On the contracting side, Adnoc has been less keen to innovate than other NOCs in the region, sticking to the standard lump-sum formula. Until now, this does not seem to have negatively affected it too much, with most major projects remaining competitive.

This conservatism is transferred to prequalification lists, with the sector still largely the domain of the traditional US, European and Japanese engineering, procurement and construction (EPC) contractors. South Korean firms, which have made major inroads into other countries, still find it difficult to win work in the emirate.

As with most other NOCs, the majority of respondents report delays in the contracting process of one to five months. Reasons for the delays range from bureaucracy and a lack of bids, to labour procurement difficulties and cost issues.

One respondent cites the “lack of com-munication between the operating companies and Adnoc” as one of the prime reasons for delays.

Downstream, Adnoc does not have the same kind of large-scale investment programme as Aramco, Qatar Petroleum (QP) or Kuwait Petroleum Corporation (KPC). Its ambitions are restricted to the 400,000-b/d grassroots expansion of its Ruwais refinery through Abu Dhabi Oil Refining Company (Takreer).
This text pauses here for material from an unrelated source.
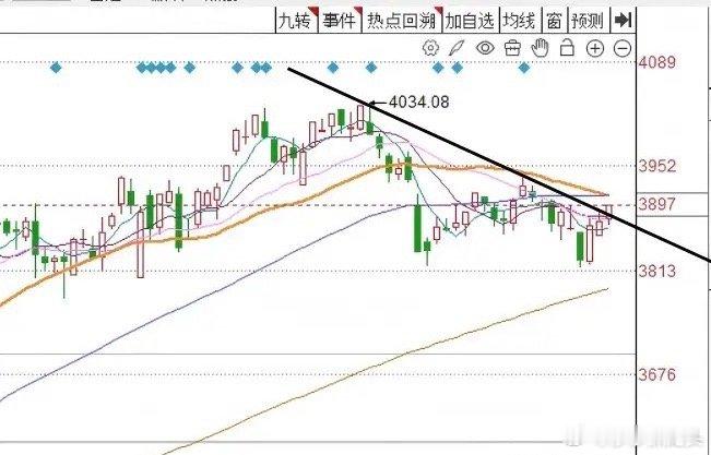 大指数集体上涨,沪指已经三连阳,符合预期! 我们看到证券板块也有比较明显的异动,证券板块最高涨0.98%。那么从目前的表现来看,上证指数,日线级别已经走出了3连阳的走势。而且上证指数到今天上午为止,基本上已经突破了一条重要的下降压力线。大家看一下下图——上证指数日线图。当指数出现这种下行压力线被突破的时候,那么往往意味着下降走势或者已经结束。这是一个重要的标志性的信号。关注莎莎的朋友都知道,从本周星期二大跌中午开始,我就明确告诉大家,市场基本已经跌到位。3800点上方,可以大胆看多。目前看来,完全符合预判。昨天虽然我对于指数的判断是今天指数可能小幅震荡一天,然后指数在下周星期一的时候将会拉出明显阳线。但是看来今天主力都已经等不及了,今天就已经展开了拉升行情。当然这是我更加欢迎的走势。因为代表了主力已经迫不及待的想要展开新行情了。

However, the same cannot be said for petrochemicals. At Taweelah, the emirate is planning the largest petrochemicals complex ever built, as well as further expansions of the Abu Dhabi Polymers Company (Borouge) olefins complex at Ruwais and the Ruwais Fertiliser Industries (Fertil) urea complex. Adnoc is also planning a lube oil plant with Finland’s Neste.

Gaining expertise

The development of human resources has been aided by the sustained presence of IOCs in the domestic sector. Adnoc employees are continually seconded to its partners, providing them with valuable expertise.

The NOC’s staff are highly regarded and are often put in other senior jobs in the emirate’s non-oil sector. However, some respondents say the quality of staff and inter-departmental co-ordination are areas where the company could most improve.
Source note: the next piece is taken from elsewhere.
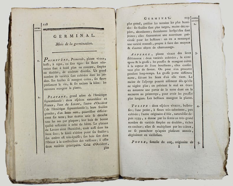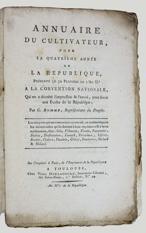 De "Vendémiaire, mois des vendanges" à "Fructidor, mois des fruits" c'est une suite de notices sur les plantes, les légumes, les fruits, les arbres, les animaux, les instruments aratoires... Les citoyens qui ont concouru à ce travail ... sont : Cels, Vilmorin, Thouin, Parmentier, Desfontaines, Lamarck, Daubenton, etc. Exemplaire tel que paru, non rogné /// In-8 de 272 pp. Broché, couverture muette. ////

The NOC is also known for being highly politicised, with decision-making regularly outside its control and in the hands of
external figures, who often take time to form a consensus.
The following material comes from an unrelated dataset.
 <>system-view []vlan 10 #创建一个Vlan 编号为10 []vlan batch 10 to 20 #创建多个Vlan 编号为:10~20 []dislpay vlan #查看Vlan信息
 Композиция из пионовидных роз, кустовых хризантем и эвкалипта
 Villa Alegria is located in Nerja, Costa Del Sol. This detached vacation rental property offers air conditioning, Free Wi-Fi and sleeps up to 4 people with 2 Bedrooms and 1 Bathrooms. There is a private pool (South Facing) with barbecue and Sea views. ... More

The environment and health and safety issues will be paramount, especially as Adnoc gears up for sour gas production. Sour gas is extremely volatile and needs to be handled carefully to avoid explosion. Its production also creates the problem of how to handle its sulphur by-products.

The sour gas scheme highlights Adnoc’s willingness to enter areas in which regional NOCs have been reluctant to operate.

Nothing better exemplifies this than its plan to buy carbon dioxide and use the gas for reinjection processes, freeing up gas currently used for the purpose to be used in cleaner-burning power generation.

Adnoc’s formation of a joint venture firm for the production of nitrogen, also to be used for gas reinjection, highlights a similar innovation.

With a small population and some of the world’s largest oil and gas reserves, the challenge for Adnoc going forward will not be finding the cash to deliver its plans, but the necessary drive to implement them.